Ron Bundy: The recent climate disclosure rule from the SEC has generated a lot of questions from our clients, both retail and institutional investors. Aron, help us understand what the SEC just did with this rule.

Aron Szapiro: The SEC adopted a fairly centrist proposal. It increases reporting after fiscal years beginning in 2025 and standardizes disclosures in some areas. Today, this reporting is mostly voluntary. The SEC falls short of the EU’s Corporate Sustainability Reporting Directive, which sets a much higher standard for climate reporting, encompasses a much broader range of companies, and requires much more detail and holistic disclosures than does the SEC. That said, it’s a significant rulemaking and more than a glass half full for investors.

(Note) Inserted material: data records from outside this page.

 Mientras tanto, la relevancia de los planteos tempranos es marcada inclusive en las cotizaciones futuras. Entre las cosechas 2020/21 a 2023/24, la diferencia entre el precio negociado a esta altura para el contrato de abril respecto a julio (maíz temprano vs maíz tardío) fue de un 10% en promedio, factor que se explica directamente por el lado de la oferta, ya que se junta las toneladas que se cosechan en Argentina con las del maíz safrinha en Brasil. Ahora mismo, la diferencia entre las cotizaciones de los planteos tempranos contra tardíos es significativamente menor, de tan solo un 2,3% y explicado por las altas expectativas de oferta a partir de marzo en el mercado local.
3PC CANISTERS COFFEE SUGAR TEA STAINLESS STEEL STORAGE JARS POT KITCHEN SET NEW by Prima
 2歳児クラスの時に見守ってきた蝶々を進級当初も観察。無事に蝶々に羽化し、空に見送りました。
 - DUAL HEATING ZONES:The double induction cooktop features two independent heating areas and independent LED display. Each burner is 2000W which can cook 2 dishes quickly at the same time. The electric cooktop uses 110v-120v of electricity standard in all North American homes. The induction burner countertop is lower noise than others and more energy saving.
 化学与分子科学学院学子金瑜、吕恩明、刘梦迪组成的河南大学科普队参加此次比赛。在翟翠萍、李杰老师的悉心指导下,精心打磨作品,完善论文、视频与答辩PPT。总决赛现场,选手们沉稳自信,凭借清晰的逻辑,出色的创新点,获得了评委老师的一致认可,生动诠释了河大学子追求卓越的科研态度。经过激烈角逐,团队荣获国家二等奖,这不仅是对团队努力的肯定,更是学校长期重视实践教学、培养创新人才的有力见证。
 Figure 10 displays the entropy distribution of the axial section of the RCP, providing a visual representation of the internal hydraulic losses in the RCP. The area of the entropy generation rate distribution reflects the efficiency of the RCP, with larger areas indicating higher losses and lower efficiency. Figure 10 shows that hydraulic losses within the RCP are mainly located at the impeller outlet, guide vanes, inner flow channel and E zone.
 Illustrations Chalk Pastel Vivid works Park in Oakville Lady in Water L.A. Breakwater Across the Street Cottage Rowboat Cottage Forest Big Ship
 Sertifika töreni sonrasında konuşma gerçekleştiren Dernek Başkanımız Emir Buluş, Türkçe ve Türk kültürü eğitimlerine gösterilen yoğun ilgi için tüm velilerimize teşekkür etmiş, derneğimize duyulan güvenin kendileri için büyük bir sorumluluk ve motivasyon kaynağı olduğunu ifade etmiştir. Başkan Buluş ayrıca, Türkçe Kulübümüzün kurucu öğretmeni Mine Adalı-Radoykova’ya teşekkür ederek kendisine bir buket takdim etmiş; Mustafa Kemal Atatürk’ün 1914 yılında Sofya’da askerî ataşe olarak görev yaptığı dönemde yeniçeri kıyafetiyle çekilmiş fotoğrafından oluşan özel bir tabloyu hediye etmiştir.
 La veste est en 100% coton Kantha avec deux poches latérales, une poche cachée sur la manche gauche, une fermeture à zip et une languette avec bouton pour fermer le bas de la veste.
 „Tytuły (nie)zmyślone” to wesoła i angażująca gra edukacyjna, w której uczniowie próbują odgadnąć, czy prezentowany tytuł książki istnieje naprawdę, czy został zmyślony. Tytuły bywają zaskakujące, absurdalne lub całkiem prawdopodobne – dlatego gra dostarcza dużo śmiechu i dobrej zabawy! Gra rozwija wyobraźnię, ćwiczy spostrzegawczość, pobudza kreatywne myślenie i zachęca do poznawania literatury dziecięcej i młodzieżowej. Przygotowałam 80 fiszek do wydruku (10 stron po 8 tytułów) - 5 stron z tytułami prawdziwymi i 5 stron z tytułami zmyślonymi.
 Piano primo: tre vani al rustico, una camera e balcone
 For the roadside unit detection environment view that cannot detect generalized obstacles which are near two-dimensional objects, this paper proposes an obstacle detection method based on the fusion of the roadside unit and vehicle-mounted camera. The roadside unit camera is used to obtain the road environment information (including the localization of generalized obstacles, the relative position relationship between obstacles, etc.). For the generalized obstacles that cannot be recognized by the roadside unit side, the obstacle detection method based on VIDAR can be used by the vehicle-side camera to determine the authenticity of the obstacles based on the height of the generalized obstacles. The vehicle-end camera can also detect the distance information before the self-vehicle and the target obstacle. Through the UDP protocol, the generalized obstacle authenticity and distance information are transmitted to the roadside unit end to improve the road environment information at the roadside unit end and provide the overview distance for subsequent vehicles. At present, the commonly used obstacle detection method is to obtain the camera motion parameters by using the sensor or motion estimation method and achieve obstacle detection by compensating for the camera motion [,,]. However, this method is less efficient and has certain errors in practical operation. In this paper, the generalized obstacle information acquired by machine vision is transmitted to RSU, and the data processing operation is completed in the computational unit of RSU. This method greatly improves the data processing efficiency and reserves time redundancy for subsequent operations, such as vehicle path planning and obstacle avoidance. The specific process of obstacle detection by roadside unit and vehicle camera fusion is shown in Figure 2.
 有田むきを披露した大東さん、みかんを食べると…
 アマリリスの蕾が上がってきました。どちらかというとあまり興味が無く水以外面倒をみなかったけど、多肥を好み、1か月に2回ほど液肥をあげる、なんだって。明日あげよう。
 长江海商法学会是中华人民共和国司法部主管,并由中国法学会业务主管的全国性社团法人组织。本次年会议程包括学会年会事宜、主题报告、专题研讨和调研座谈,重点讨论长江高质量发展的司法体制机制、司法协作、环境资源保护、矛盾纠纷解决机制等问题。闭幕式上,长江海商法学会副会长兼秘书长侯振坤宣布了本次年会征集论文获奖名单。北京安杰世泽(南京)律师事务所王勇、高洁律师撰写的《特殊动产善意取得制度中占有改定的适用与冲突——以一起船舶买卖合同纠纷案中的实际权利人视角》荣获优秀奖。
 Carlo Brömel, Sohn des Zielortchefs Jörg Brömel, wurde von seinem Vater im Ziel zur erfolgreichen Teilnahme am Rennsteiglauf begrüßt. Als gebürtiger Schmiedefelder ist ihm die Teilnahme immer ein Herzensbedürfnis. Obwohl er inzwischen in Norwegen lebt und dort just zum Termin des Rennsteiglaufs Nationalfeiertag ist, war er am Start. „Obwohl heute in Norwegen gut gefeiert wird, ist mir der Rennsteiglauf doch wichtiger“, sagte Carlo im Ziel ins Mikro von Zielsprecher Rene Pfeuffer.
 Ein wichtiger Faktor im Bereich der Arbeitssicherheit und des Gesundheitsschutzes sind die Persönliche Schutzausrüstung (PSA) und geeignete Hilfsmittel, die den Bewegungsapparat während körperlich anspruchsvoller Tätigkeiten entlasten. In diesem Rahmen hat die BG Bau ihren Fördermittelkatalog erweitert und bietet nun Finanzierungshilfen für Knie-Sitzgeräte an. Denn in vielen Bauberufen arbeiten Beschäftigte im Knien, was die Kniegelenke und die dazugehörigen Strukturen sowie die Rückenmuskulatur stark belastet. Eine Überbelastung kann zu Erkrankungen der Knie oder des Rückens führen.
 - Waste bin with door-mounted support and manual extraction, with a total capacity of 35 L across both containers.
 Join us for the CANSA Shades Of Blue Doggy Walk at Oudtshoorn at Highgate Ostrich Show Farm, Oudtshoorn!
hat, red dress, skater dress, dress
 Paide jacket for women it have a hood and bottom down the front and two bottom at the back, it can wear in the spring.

Bundy: I understand this rule has been challenged. Will it actually become reality?

Szapiro: I’ve had a 20-year career watching the day-to-day federal rulemaking process. Over the last 15 years, as Congress has become more and more gridlocked, agencies have used statutory authority often from decades ago to solve modern problems. Recently, the courts have become much less deferential to agencies. We face questions about litigation with every major rulemaking that I cover as head of government affairs. I’m not a lawyer, but I’ve been talking to smart lawyers. This litigation was absolutely expected. It’s a little unusual that it started before the rule was even published in the Federal Register. Could it delay the timeline? Maybe, and maybe not, because the first disclosures for most companies aren’t due until 2026. And so, there’s a chance this is wrapped up by then.

I used the word “centrist” earlier. We have suits filed from both the right and left here. That may help the SEC in saying that it didn’t go too far. They did scale the proposal back considerably, particularly on scope 3 emissions. That gives them ammunition to explain why they made those judgments and why they believe this fits squarely into the legal tradition of the SEC proposing material disclosures. None of this is surprising. That doesn’t make the outcome anymore easy to predict.

I’m using centrist as not kind of a Republican-Democratic thing, although it may line up that way, but just as a spectrum of how specific and expansive the disclosures could have been. They landed in the middle of what we have now, which is mostly voluntary and nonstandardized, and the much more expansive regime that they proposed two years ago.

Bundy: There’s not a lot of centrist thinking coming out of Washington as of late. Do you think the upcoming US election and politics will play a role in the final version of this rule?

Szapiro: Very likely. I think it’s fair to say that if Donald Trump were to win the election, there will be a number of avenues for dismantling this rule. This is not a certainty, and it would take some time. The SEC is an independent agency, and Chair Gensler’s term runs until 2026. But one could expect new Trump appointees to the SEC to try to dismantle the rulemaking. Still, that is a hard thing to do once something is final and effective. And this is inside baseball, but the SEC finalized this ahead of what’s called the Congressional Review Act deadline. The bottom line is this cannot be undone by a simple vote in January 2025 when a new president might take over. We do expect an upcoming vote in Congress to undo this rule will likely pass the House and the Senate. But it’s mostly posturing because such a bill will be vetoed by Biden. By January, too much time will have elapsed since the SEC adopted the rule to use the Congressional Review Act mechanism.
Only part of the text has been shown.